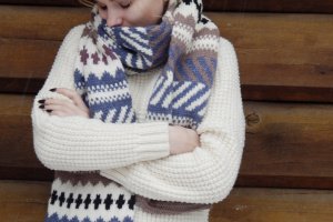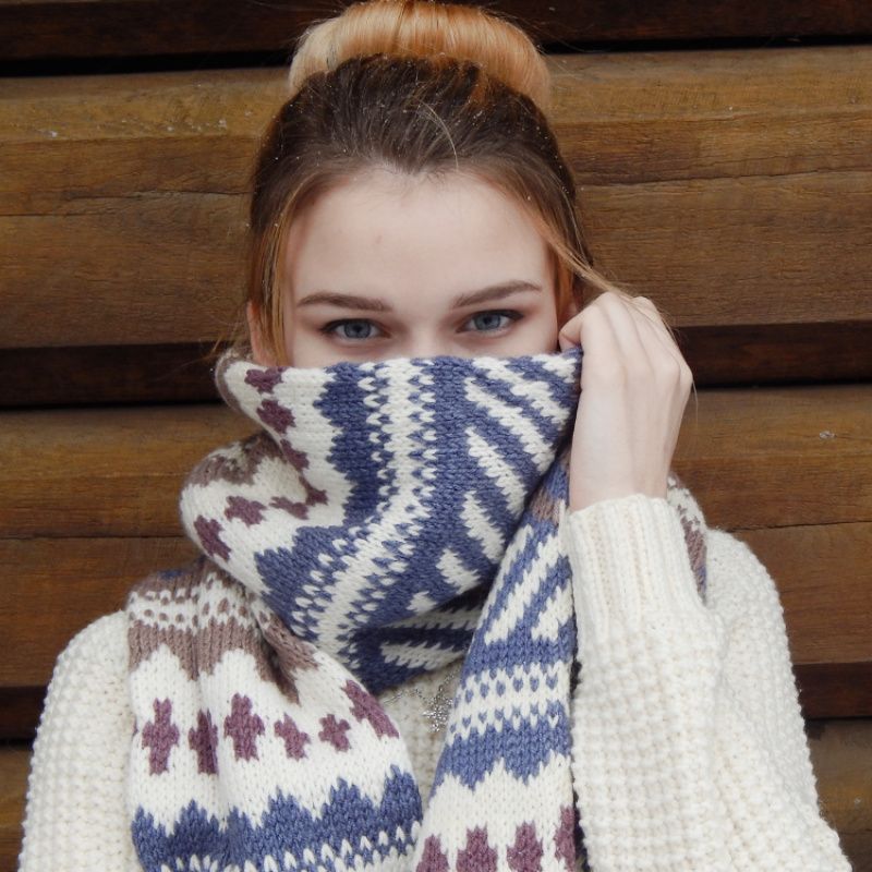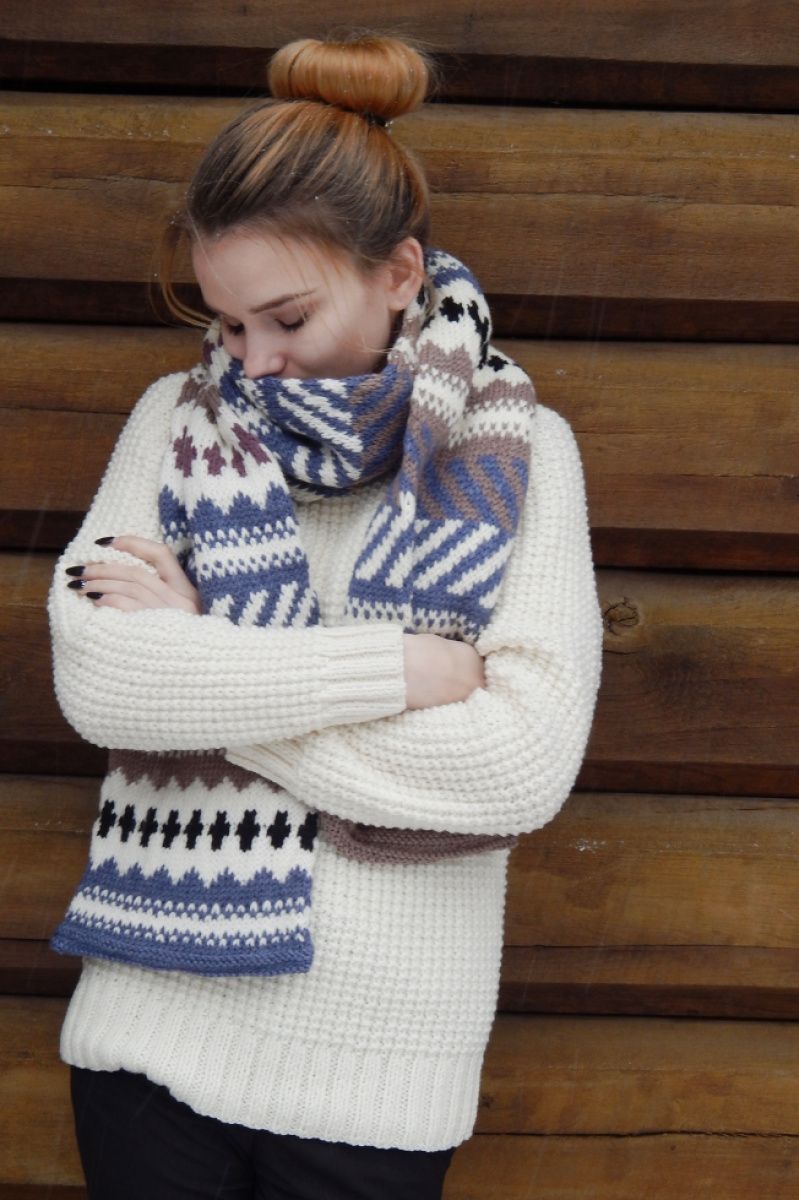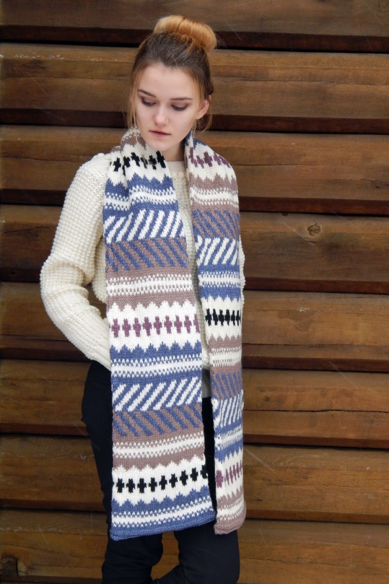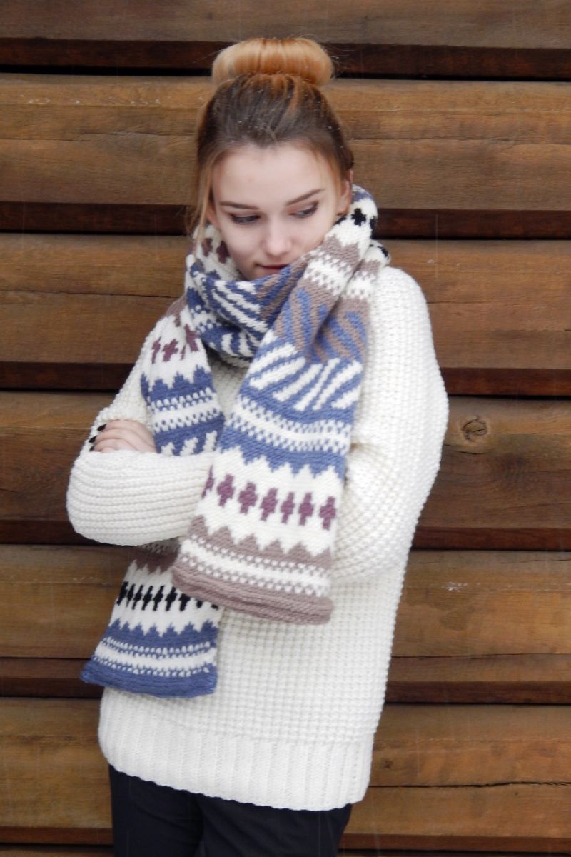 Подвійний теплий шарф пов'язаний вкруговую. У стилі унісекс. Дуже теплий. М'яка напіввовна, жаккард, і хороша довжина. Ширина шарфа 30см довжина 2 метри. Воістину зимовий-зимовий. Класичні забарвлення і візерунок, дозволяють носити його з будь-яким предметом гардеробу верхнього одягу. Можна доповнити рукавицями в такому ж стилі, шапкою або пов'язкою на голову.
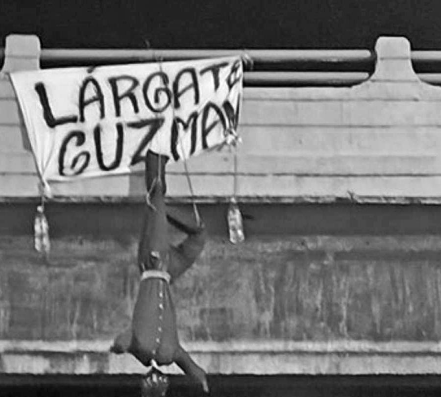 la figura suspendida en un puente peatonal, simulaba un cuerpo humano suspendido y estaba acompañada por un cartel que decía“Lárgate Guzmán”, que provocó sorpresa entre quienes pasaban por el sitio. Las autoridades confirmaron que no se trataba de un cadáver, lo ocurrido generó inquietud entre las personas.
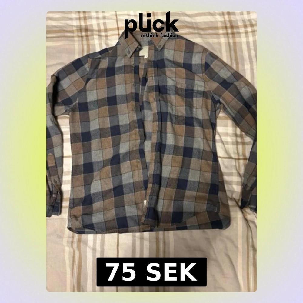 Säljer en rutig skjorta från Ruffle & Bow i brunt, blått och grått. Skjortan har klassisk krage, knappar framtill och en bröstficka. Tillverkad i mjuk bomull och har långa ärmar. Perfekt för en avslappnad och cool stil.
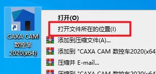 9.在桌面上找到“CAXA CAM 数控车2020(x64)”软件图标,鼠标右键选择“打开文件位置”
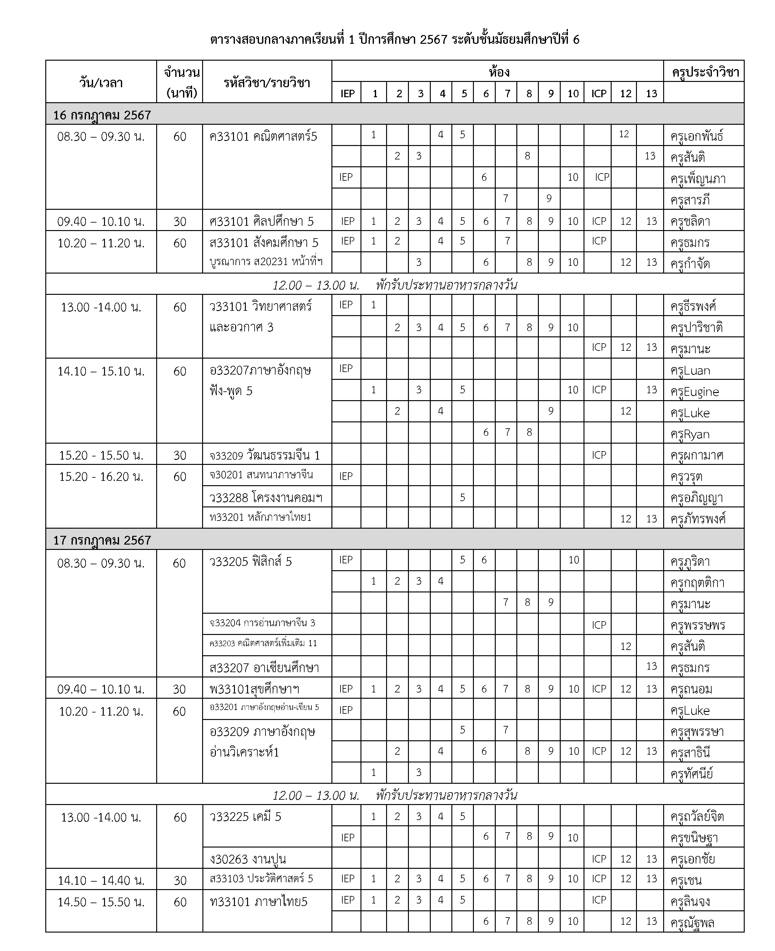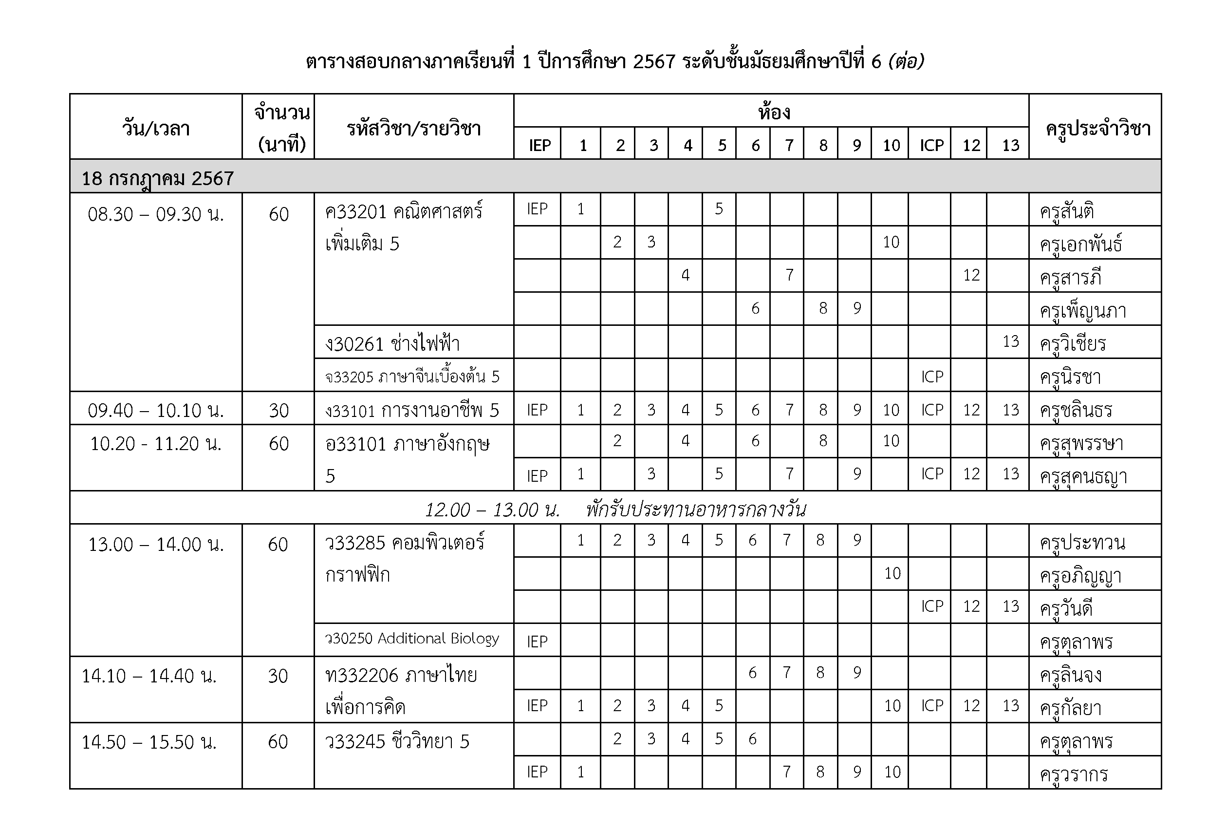ตารางสอบกลางภาคเรียนที่ 1 ปีการศึกษา 2567 ระดับชั้นมัธยมศึกษาปีที่ 6 วันที่ 16-17-18 กรกฎาคม 2567
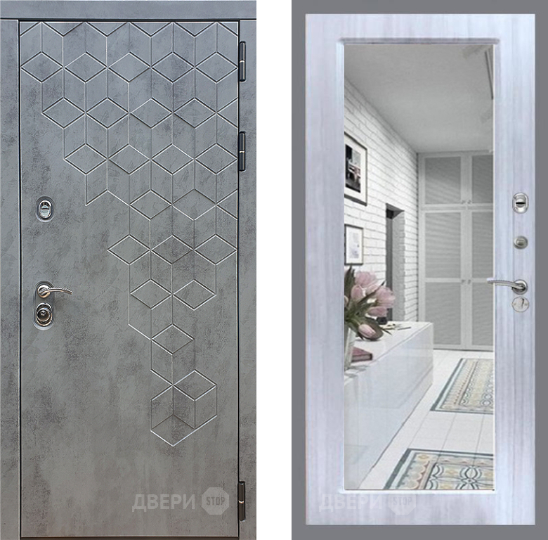 Входная Дверь Стоп БЕТОН Зеркало Сандал белый 860x2050 мм
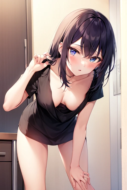 downblouse, loose t-shirt, leaning forward, nip slip, extended_downblouse, all fours, t-shirt, visible nipple, NSFW
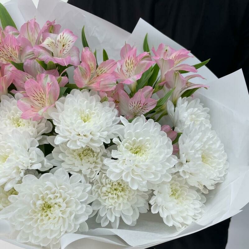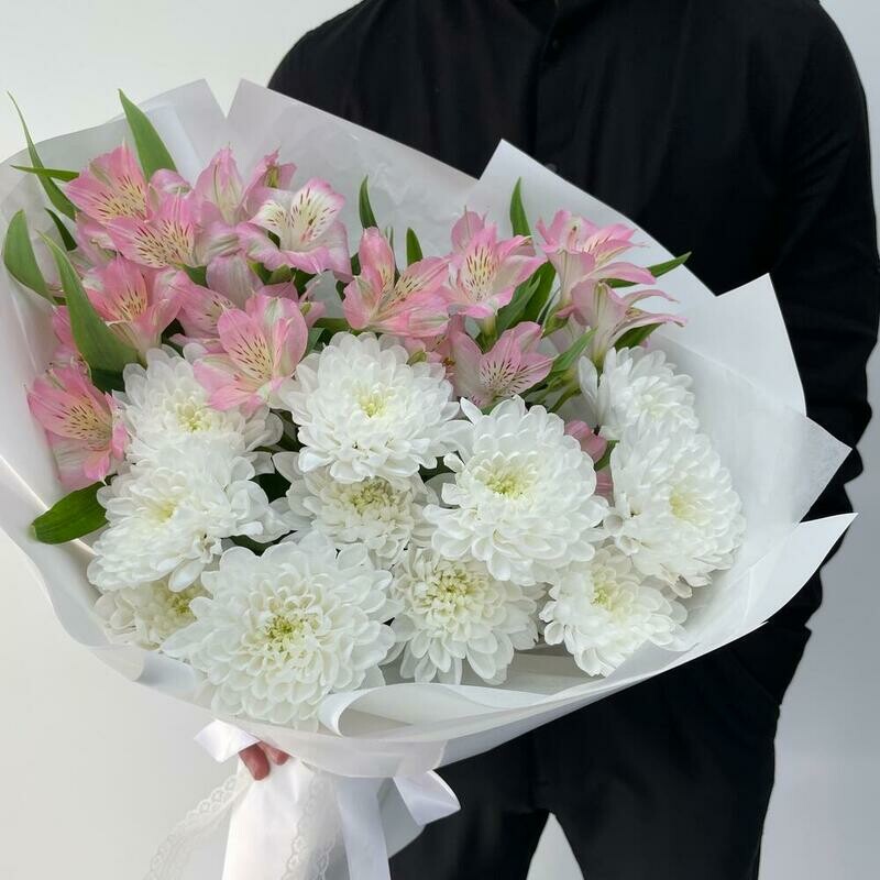 Стойкий букет из альстромерий и кустовых хризантем, стандартный

----------------

Repeat the material above exactly, so that every entry appears but no picture does.

RESPONSE -
 Подвійний теплий шарф пов'язаний вкруговую. У стилі унісекс. Дуже теплий. М'яка напіввовна, жаккард, і хороша довжина. Ширина шарфа 30см довжина 2 метри. Воістину зимовий-зимовий. Класичні забарвлення і візерунок, дозволяють носити його з будь-яким предметом гардеробу верхнього одягу. Можна доповнити рукавицями в такому ж стилі, шапкою або пов'язкою на голову.
 la figura suspendida en un puente peatonal, simulaba un cuerpo humano suspendido y estaba acompañada por un cartel que decía“Lárgate Guzmán”, que provocó sorpresa entre quienes pasaban por el sitio. Las autoridades confirmaron que no se trataba de un cadáver, lo ocurrido generó inquietud entre las personas.
 Säljer en rutig skjorta från Ruffle & Bow i brunt, blått och grått. Skjortan har klassisk krage, knappar framtill och en bröstficka. Tillverkad i mjuk bomull och har långa ärmar. Perfekt för en avslappnad och cool stil.
 9.在桌面上找到“CAXA CAM 数控车2020(x64)”软件图标,鼠标右键选择“打开文件位置”
ตารางสอบกลางภาคเรียนที่ 1 ปีการศึกษา 2567 ระดับชั้นมัธยมศึกษาปีที่ 6 วันที่ 16-17-18 กรกฎาคม 2567
 Входная Дверь Стоп БЕТОН Зеркало Сандал белый 860x2050 мм
 downblouse, loose t-shirt, leaning forward, nip slip, extended_downblouse, all fours, t-shirt, visible nipple, NSFW
 Стойкий букет из альстромерий и кустовых хризантем, стандартный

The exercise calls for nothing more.